PowerShell-registratielogboeken verzamelen

Wanneer de en Unregister-AzStackHCI cmdlets worden uitgevoerd, worden logboekbestanden met de Register-AzStackHCI naam RegisterHCI_{yyyymmdd-hhss}.log en UnregisterHCI_{yyymmdd-hhss}.log voor elke poging gemaakt. U kunt de logboekmap voor deze logboekbestanden instellen met behulp van de -LogsDirectory parameter in de Register-AzStackHCI cmdlet en de aanroep Get-AzStackHCILogsDirectory om de locatie te verkrijgen. Deze bestanden worden standaard gemaakt in C:\ProgramData\AzureStackHCI\Registration. Voor PowerShell-moduleversie 2.1.2 of eerder worden deze bestanden gemaakt in de werkmap van de PowerShell-sessie waarin de cmdlets worden uitgevoerd.

Foutopsporingslogboeken worden standaard niet opgenomen. Als er een probleem is dat de aanvullende foutopsporingslogboeken nodig heeft, stelt u de voorkeur voor foutopsporing in op Doorgaan door de volgende cmdlet uit te voeren voordat u deze uitvoert Register-AzStackHCI of Unregister-AzStackHCI:

$DebugPreference = 'Continue'

On-premises hcisvc-logboeken verzamelen

Als u foutopsporingslogboeken voor hcisvc wilt inschakelen, voert u de volgende opdracht uit in PowerShell op elke server in het cluster:

wevtutil.exe sl /q /e:true Microsoft-AzureStack-HCI/Debug

De logboeken ophalen:

Get-WinEvent -Logname Microsoft-AzureStack-HCI/Debug -Oldest -ErrorAction Ignore

Kan niet registreren. Kan geen zelfondertekend certificaat genereren op knooppunt(en) {Node1, Node2}. Kan het registratiecertificaat niet instellen en verifiëren op knooppunt(en) {Node1,Node2}

Uitleg van foutstatus:

Tijdens de registratie moet elke server in het cluster actief zijn met uitgaande internetverbinding met Azure. De Register-AzStackHCI-cmdlet praat met elke server in het cluster om certificaten in te richten. Elke server gebruikt het certificaat om een API-aanroep te maken naar HCI-services in de cloud om registratie te valideren.

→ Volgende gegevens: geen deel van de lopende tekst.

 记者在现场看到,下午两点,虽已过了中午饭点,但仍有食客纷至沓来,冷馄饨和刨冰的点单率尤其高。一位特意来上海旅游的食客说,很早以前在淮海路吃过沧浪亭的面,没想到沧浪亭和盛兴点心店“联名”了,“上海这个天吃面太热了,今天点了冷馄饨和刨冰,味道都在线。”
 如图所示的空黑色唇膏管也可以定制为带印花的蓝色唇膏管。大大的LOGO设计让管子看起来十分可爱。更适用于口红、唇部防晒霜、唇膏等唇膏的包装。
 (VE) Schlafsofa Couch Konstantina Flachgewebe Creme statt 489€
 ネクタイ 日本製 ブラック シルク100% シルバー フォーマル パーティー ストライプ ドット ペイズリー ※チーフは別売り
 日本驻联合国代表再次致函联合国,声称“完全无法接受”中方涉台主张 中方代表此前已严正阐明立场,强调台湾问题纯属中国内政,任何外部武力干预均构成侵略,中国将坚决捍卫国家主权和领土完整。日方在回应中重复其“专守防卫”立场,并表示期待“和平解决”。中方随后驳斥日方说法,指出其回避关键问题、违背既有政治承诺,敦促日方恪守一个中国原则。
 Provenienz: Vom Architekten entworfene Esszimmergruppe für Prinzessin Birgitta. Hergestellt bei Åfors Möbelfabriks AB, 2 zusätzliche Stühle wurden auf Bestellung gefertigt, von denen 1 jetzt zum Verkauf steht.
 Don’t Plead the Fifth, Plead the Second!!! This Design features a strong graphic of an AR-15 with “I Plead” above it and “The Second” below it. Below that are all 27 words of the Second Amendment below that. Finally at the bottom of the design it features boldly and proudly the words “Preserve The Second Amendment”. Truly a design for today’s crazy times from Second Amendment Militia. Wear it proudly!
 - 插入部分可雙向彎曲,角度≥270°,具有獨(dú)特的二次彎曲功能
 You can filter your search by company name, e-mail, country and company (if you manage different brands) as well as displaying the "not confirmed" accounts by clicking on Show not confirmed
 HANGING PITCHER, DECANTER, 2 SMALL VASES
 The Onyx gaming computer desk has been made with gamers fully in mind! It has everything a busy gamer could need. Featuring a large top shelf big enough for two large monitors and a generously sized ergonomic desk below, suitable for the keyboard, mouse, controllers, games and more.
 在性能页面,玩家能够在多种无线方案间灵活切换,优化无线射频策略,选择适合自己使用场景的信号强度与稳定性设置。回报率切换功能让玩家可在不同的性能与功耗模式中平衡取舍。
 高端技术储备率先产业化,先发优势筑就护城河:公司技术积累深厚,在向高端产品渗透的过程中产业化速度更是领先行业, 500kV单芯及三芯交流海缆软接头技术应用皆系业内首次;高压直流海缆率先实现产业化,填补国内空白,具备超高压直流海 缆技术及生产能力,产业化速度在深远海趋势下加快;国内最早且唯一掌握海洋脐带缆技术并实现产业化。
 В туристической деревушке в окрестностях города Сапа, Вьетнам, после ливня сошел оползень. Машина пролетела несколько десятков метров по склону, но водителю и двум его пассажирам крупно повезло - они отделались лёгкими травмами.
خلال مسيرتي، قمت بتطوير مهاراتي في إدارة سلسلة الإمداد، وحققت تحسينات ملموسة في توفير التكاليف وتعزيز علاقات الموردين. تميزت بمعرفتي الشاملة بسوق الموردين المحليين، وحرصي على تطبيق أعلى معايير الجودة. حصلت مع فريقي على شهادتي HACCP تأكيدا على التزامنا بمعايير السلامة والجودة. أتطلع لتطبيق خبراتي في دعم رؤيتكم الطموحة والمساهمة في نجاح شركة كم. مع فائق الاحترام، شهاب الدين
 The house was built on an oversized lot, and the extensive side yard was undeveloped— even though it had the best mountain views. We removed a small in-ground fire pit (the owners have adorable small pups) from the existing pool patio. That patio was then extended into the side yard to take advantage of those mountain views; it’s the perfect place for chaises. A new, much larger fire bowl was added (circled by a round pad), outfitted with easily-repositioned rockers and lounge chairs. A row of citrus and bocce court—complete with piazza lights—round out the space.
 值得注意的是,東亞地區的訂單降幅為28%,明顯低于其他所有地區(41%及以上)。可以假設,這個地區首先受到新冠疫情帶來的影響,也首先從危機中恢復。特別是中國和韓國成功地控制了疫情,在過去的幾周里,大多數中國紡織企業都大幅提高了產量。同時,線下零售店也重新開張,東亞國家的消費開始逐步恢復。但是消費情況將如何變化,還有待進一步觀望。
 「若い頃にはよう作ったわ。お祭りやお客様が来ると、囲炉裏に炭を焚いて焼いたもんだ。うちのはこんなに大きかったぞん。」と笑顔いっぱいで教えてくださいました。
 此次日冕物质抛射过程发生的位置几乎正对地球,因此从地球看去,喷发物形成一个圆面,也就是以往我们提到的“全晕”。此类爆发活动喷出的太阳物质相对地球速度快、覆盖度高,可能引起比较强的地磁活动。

Als de registratie mislukt, ziet u mogelijk het volgende bericht: Kan niet registreren. Kan geen zelfondertekend certificaat genereren op knooppunt(en) {Node1, Node2}. Kan het registratiecertificaat niet instellen en verifiëren op knooppunt(en) {Node1,Node2}

Als er knooppuntnamen zijn nadat het zelfondertekende certificaat niet kon worden gegenereerd op een of meer knooppunten van het foutbericht, kon het systeem het certificaat niet genereren op die server(s ).

Herstelactie:

  1. Controleer of elke server die in het bovenstaande bericht wordt vermeld, actief is. U kunt de status van hcisvc controleren door deze uit te voeren sc.exe query hcisvc en zo nodig te starten met start-service hcisvc.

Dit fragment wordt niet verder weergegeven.